Ah! Your comment about "after we've checked that there are partial
paths" triggered a thought. I think originally I'd had the
"bms_is_subset(required_outer, rel->relids)" check first in these
functions. And indeed if I run the tests with that the assertion moved
to above the partial paths check, I get failures in
generate_useful_gather_paths specifically. Mystery solved!

> And while trying the v9 patch I came across a crash with the query
> below.
>
> set min_parallel_table_scan_size to 0;
> set parallel_setup_cost to 0;
> set parallel_tuple_cost to 0;
>
> explain (costs off)
> select * from pg_description t1 where objoid in
>     (select objoid from pg_description t2 where t2.description = 
> t1.description);
>                        QUERY PLAN
> --------------------------------------------------------
>  Seq Scan on pg_description t1
>    Filter: (SubPlan 1)
>    SubPlan 1
>      ->  Gather
>            Workers Planned: 2
>            ->  Parallel Seq Scan on pg_description t2
>                  Filter: (description = t1.description)
> (7 rows)
>
> select * from pg_description t1 where objoid in
>     (select objoid from pg_description t2 where t2.description = 
> t1.description);
> WARNING:  terminating connection because of crash of another server process
>
> Seems something is wrong when extracting the argument from the Param in
> parallel worker.

With what I'm trying to change I don't think this plan should ever be
generated since it means we'd have to pass a param from the outer seq
scan into the parallel subplan, which we can't do (currently).
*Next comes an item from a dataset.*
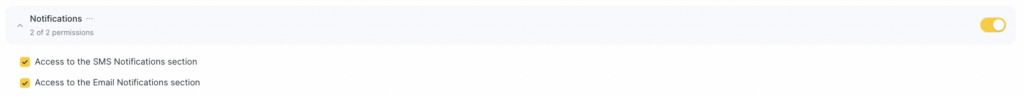 These permissions determine whether a role can open and manage SMS and email notification sections.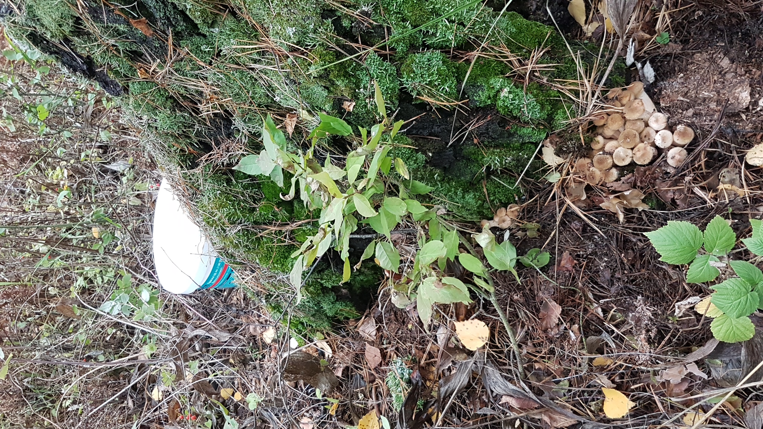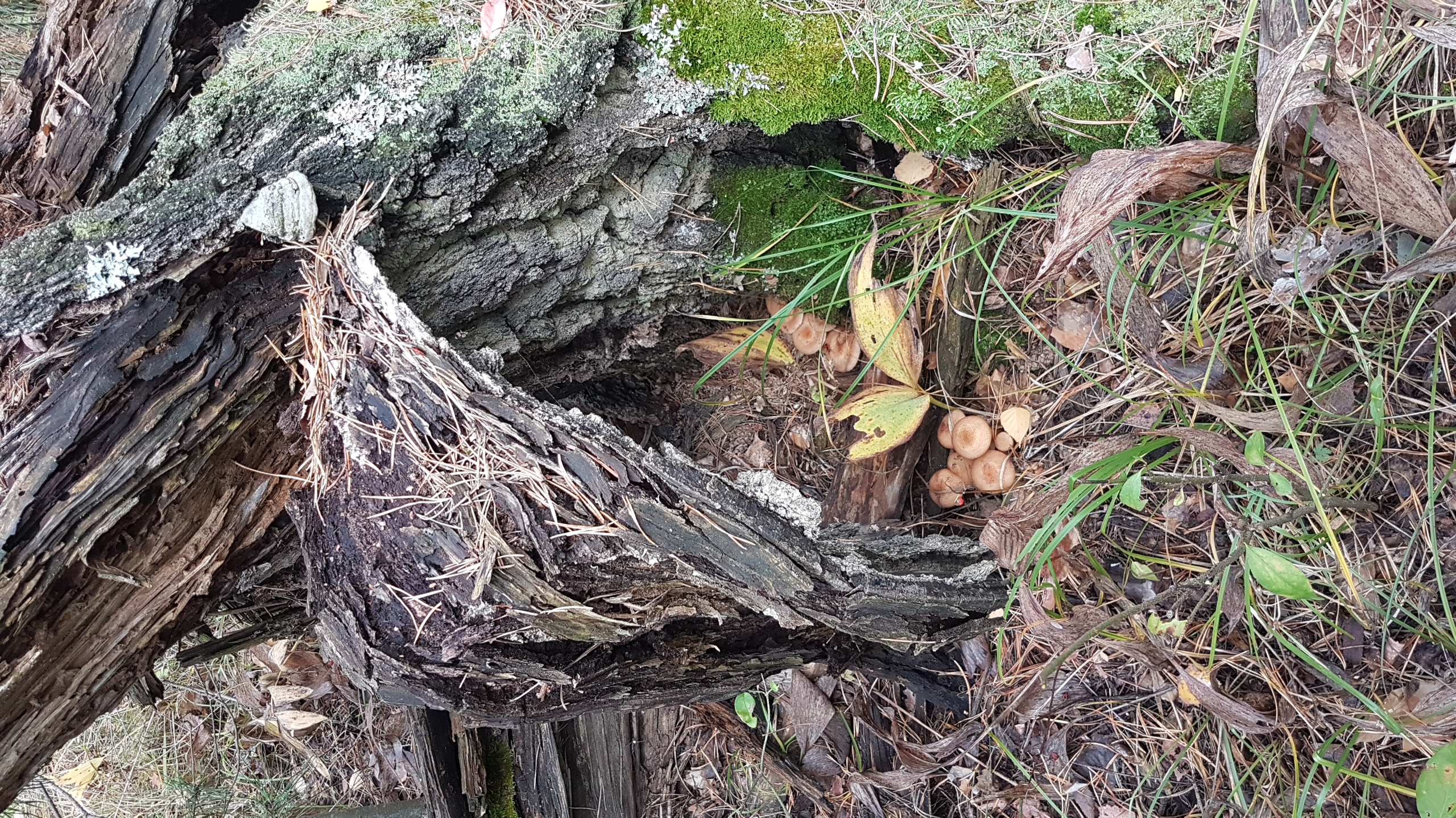 Работа не даёт вырваться на оперативный простор, но и ближние точки начинают понемногу приносить грибы. За полчаса, которые смог урвать в обеденный перерыв, чуть больше полведра успенских опят. Опять старые берёзы, но начинают появляться и в листве.

I've attached the full backtrace to the email, but as you hinted at
the parallel worker is trying to get the param (in this case
detoasting it), but the param doesn't exist on the worker, so it seg
faults. Looking at this further I think there's an existing test case
that exposes the misplanning here (the one right under the comment
"Parallel Append is not to be used when the subpath depends on the
outer param" in select_parallel.sql), but it doesn't seg fault because
the param is an integer, doesn't need to be detoasted, and therefore
(I think) we skate by (but probably with wrong results in depending on
the dataset).

Interestingly this is one of the existing test queries my original
patch approach didn't change, so this gives me something specific to
work with improving the path. Thanks for testing this and bringing
this to my attention!

BTW are you by any chance testing on ARM macOS? I reproduced the issue
there, but for some reason I did not reproduce the error (and the plan
wasn't parallelized) when I tested this on linux. Perhaps I missed
setting something up; it seems odd.

> BTW another rebase is needed as it no longer applies to HEAD.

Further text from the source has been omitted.